On the other hand, the Argo dataset, which is a collection of files, is organised similarly whatever the GDAC host considered, and independently of any protocol (file for your own local copy, the http or ftp from French of USA servers, and more recently the s3 server).

This means, for instance, that all GDAC hosts have a `dac` folder, and that netcdf files paths have similar patterns like `dac/<DAC>/<WMO>/<WMO>_prof.nc`. This is the reason why Argo indexes contain *relative* paths toward files.

**Implementation**  
To take advantage of the smart GDAC architecture and to address the multiple protocols handling burden, **Argopy** provides a low-level GDAC store, that is a prefixed directory file system powered by **Argopy** internal file systems available for any of the GDAC protocols (file, http, ftp, s3).

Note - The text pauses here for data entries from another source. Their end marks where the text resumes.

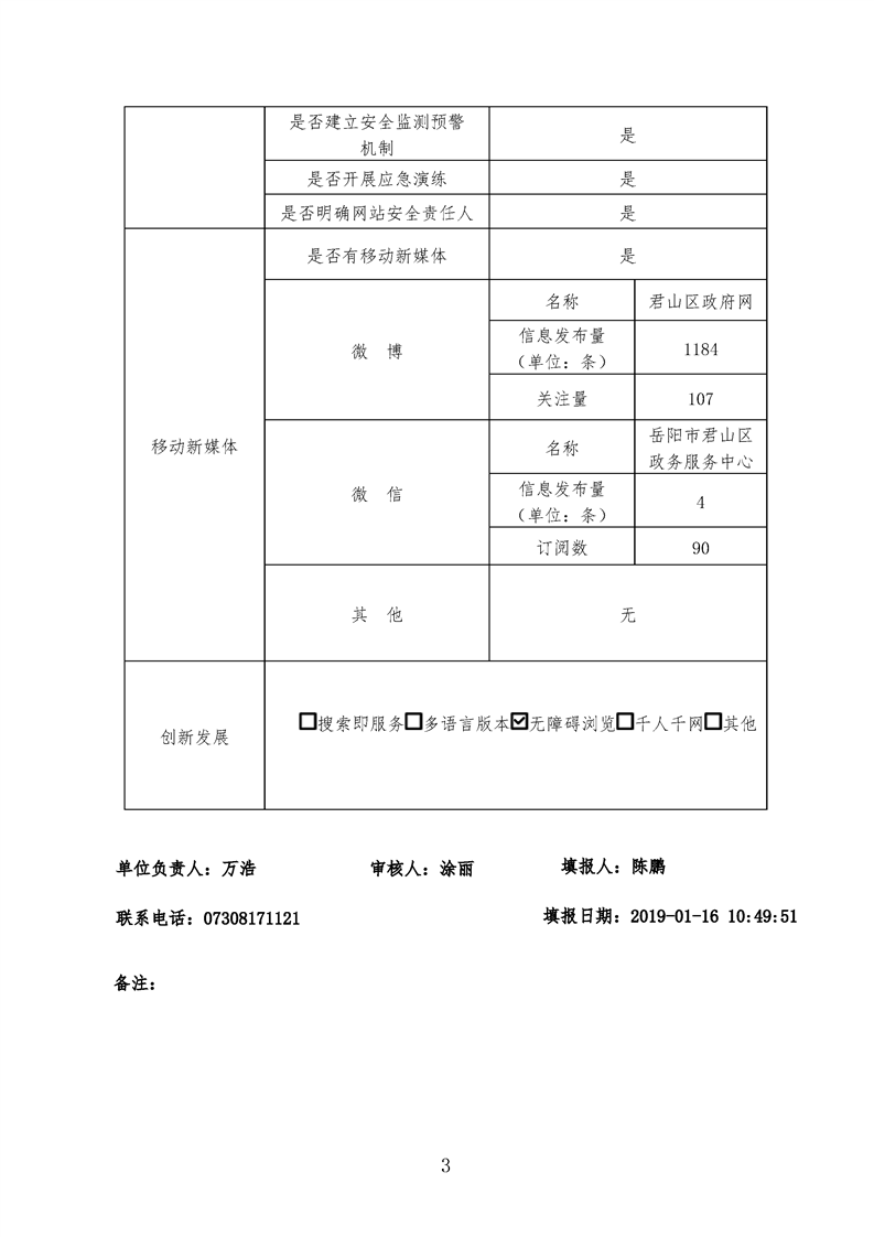 2018年君山區(qū)政府網(wǎng)站工作年度報表
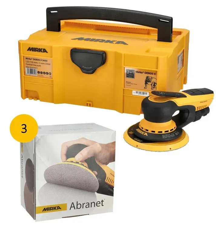 Zustand: Neu - 1,62 € / Stück - Schleifscheiben - MIRKA Mirka - 5423283599 - EAN: 6416868975956 - Lieferumfang: Mirka Abranet Schleifscheiben 125 mm, Mix-Pack 5 von jeder Körnung 80, 120, 180, 240, 320, 400, 600 / 35 Stück pro Packung. Für passende Exzenter-Schleifmaschinen, Schleifklötze und Handschliff geeignet Anwendungsgebiete: Abranet eignet sich zum Schleifen von Holz, Spachtel, Lack, Kunststoff und Metall Gesundes & Staubfreies Schleifen wie ein Profi: Das Abranet Schleifnetz verfügt über viele kleine Löcher. Es ermöglicht beim Schleifen mit Absaugung ein nahezu staubfreies Schleifen. Dadurch wird das Einatmen der gesundheitsgefährdenden Stäube verhindert. Hohe Qualität & lange Haltbarkeit: Da der Schleifstaub optimal abgesaugt wird, verhindert es das Verstopfen des Schleifmittels. Abranet sorgt für hohen Abtrag und überzeugt durch überdurchschnittliche Standzeit und Langlebigkeit Für Handschiff und alle 125 mm Exzenterschleifer geeignet: Das Abranet Schleifgitter mit Klett passt immer, unabhängig vom Lochmuster Ihres Schleifers. Ohne mühevolles Ausrichten der Scheibe auf den Schleifteller - bei Amazon.de Dieses Angebot kombiniert einen hochwertigen Exzenterschleifer mit einer Auswahl an Abranet Schleifscheiben, ideal für professionelle Anwender. ![]() ![]() Mirka DEROS II Deros II 125/150mm + Abranet inkl. 3 Pack Abranet 1x P100, 1x 120...
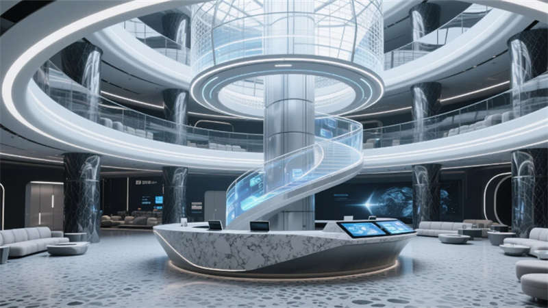 厘米级定位系统织就空间的数字神经网络,实时感知行为轨迹的热力图谱。增强现实技术将虚拟协作层注入物理环境,会议纪要悬浮于白墙上空,项目进度可视化流淌在地面光带中。智能环境控制系统如同无形的指挥家,根据沟通场景自动调节光域范围与气流速度,让空间氛围随对话内容自然脉动。当数字逻辑与建筑肌理深度融合,办公室便升维为承载集体智慧的生命体。
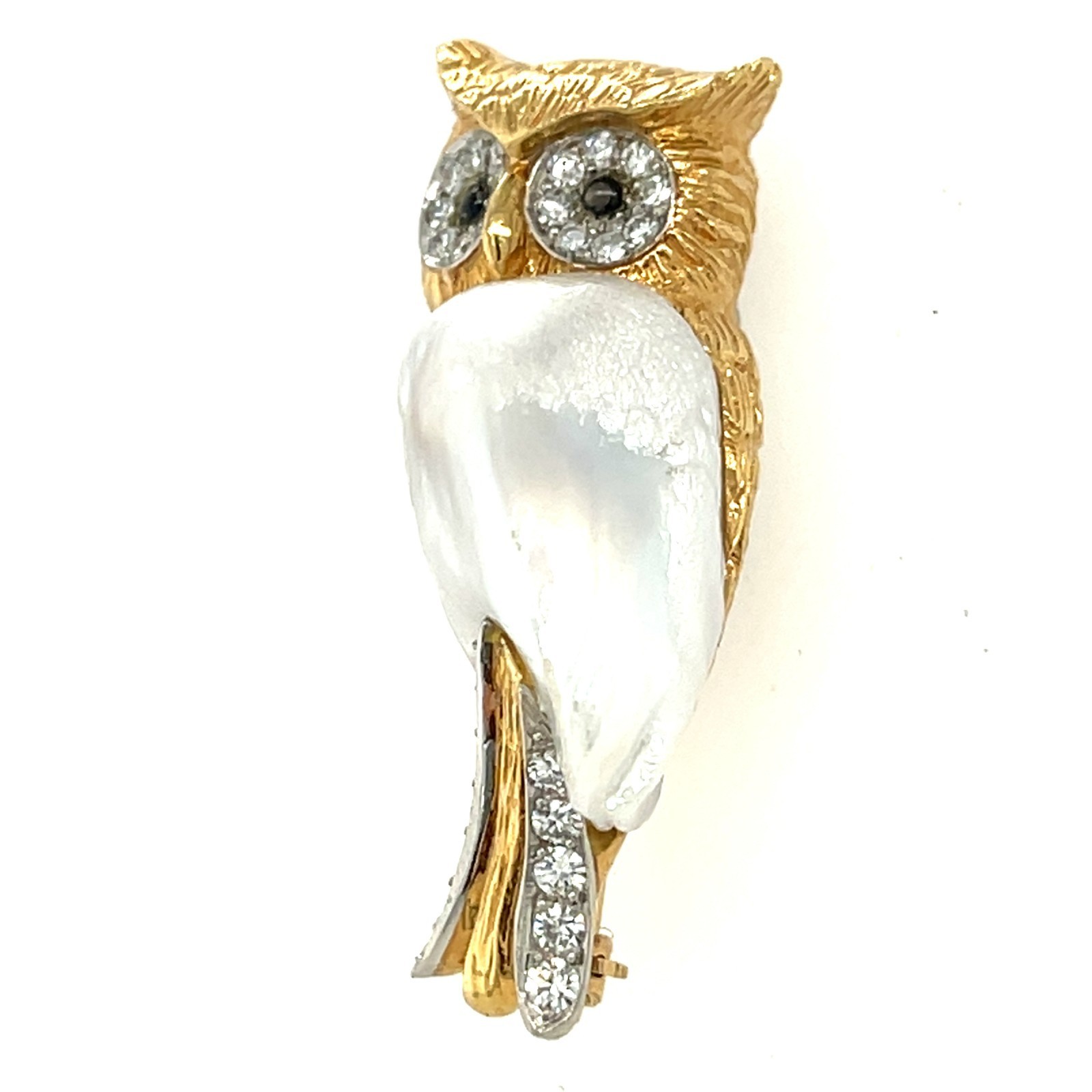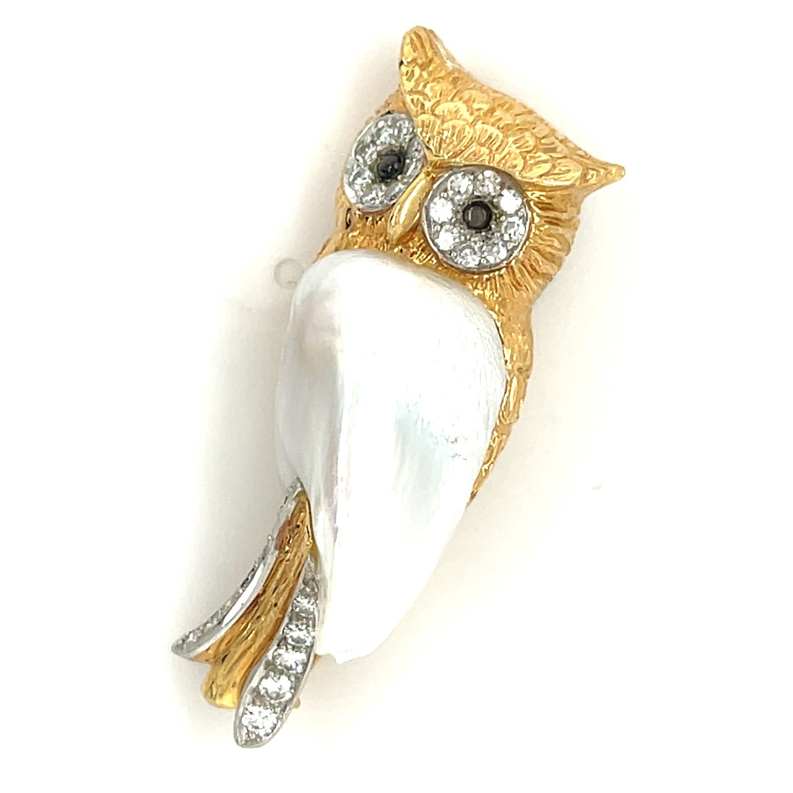 Ruser 18k Gelbgold Süßwasser Gezüchtete Perle Eule Brosche 0.60 Karat Diamant
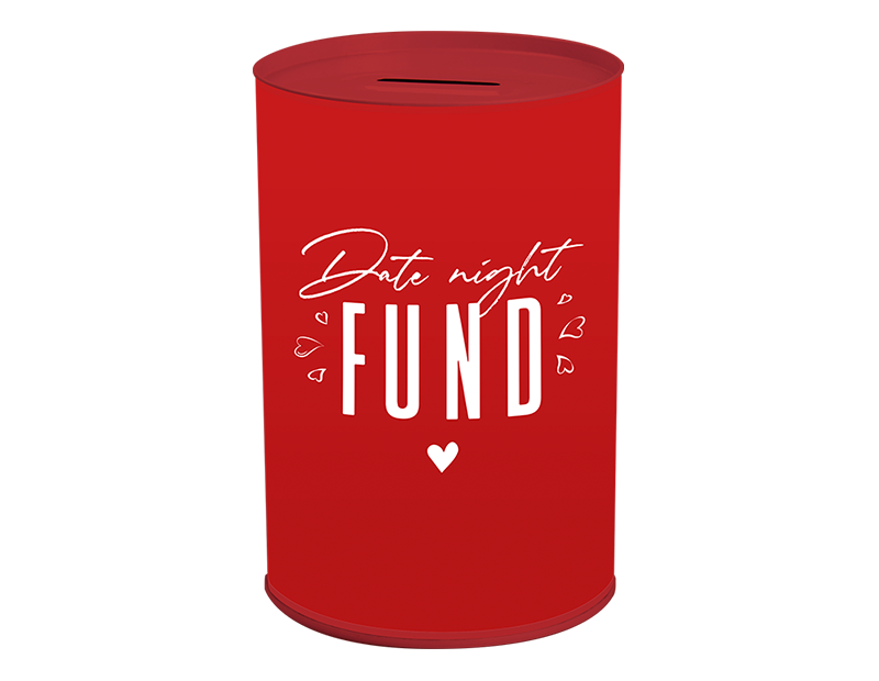 This delightful Valentine-themed money tin is the perfect way to save pennies for a romantic getaway or date night. This ruby red money tin features a charming greeting that reads " Date night Fund".
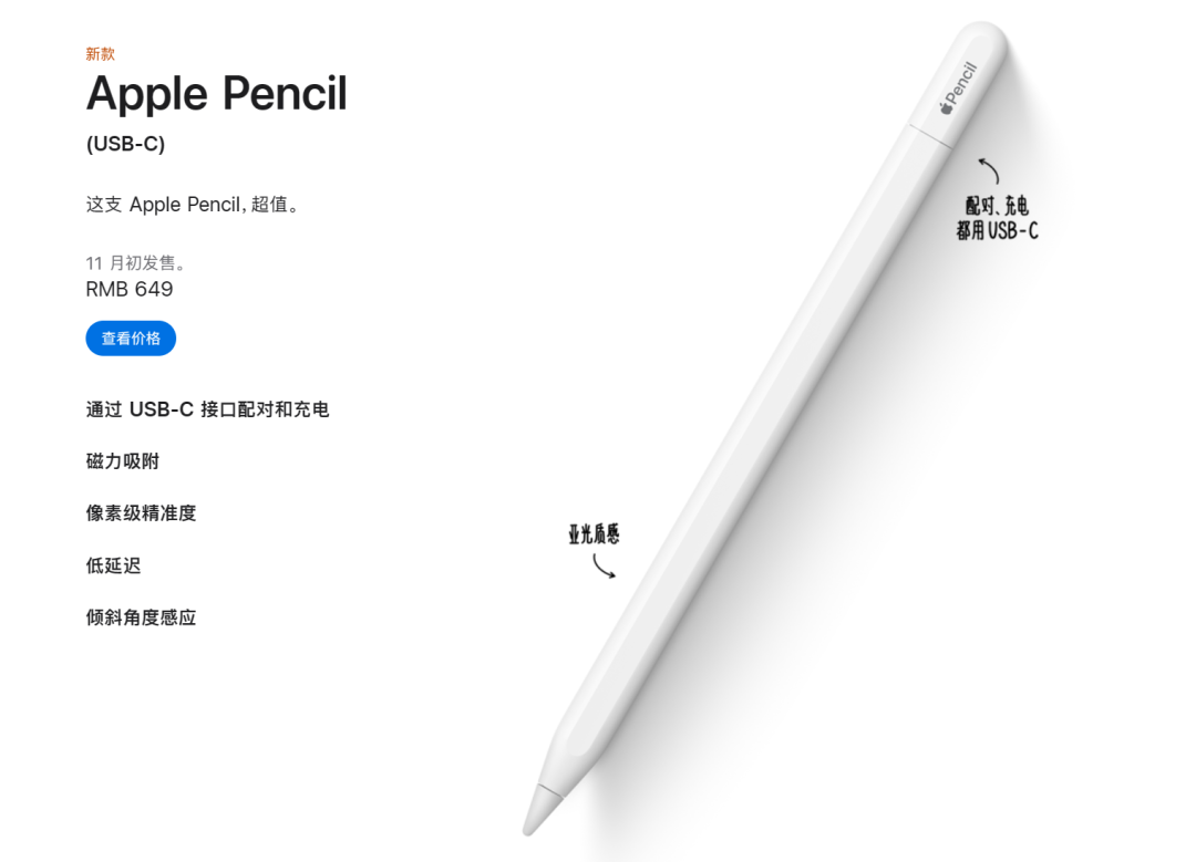 简单来说,这款外观和二代 Apple Pencil 酷似、底下括号里打着 “ USB-C ” 、售价 649 元的新款苹果笔,就是一款添加了 C 口的 “ Apple Pencil 青春版 ” 。
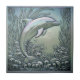 Mergulhe na elegância dramática com este azulejo de golfinho único no estilo de relevo. Projetado para imitar metal cinzelado e em relevo, o golfinho detalhado é colocado em meio a algas marinhas e bolhas. O acabamento apresenta um brilho iridescente luxuoso e mutável - como madrepérola ou cromado com película de óleo - que captura a luz em tons de aqua prateado e violeta pálido. Perfeito para adicionar um toque náutico sofisticado, moderno e de alto impacto a qualquer espaço interior sofisticado. Procure ID1223 para ver outros elementos marinhos desta série metálica dramática. Nota: o design pode conter conteúdo gerado.
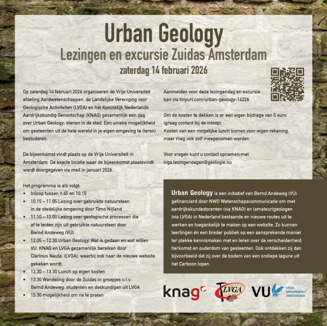 Op zaterdag 14 februari 2026 organiseren de Vrije Universiteit afdeling Aardwetenschappen, de Landelijke Vereniging voor Geologische Activiteiten (LVGA) en het Koninklijk Nederlands Aardrijkskundig Genootschap (KNAG) gezamenlijk een dag over Urban Geology: stenen in de stad. Een unieke mogelijkheid om gesteenten uit de hele wereld in je eigen omgeving te (leren) bestuderen.

Therefore, you can separate file access logic from host protocol handling in your workflow, **making your procedure agnostic to the GDAC host**.
This means that you can develop localy and move to production by simply changing one option in your procedure, to point to the appropriate GDAC host.


We call this feature the [gdacfs (↗)](https://argopy.readthedocs.io/en/v1.3.1/generated/argopy.gdacfs.html) store.

This class will return one of the **Argopy** file systems (stores.filestore, stores.httpstore, stores.ftpstore or stores.s3store) with a prefixed directory, so that you don’t have to include the GDAC root path to access files.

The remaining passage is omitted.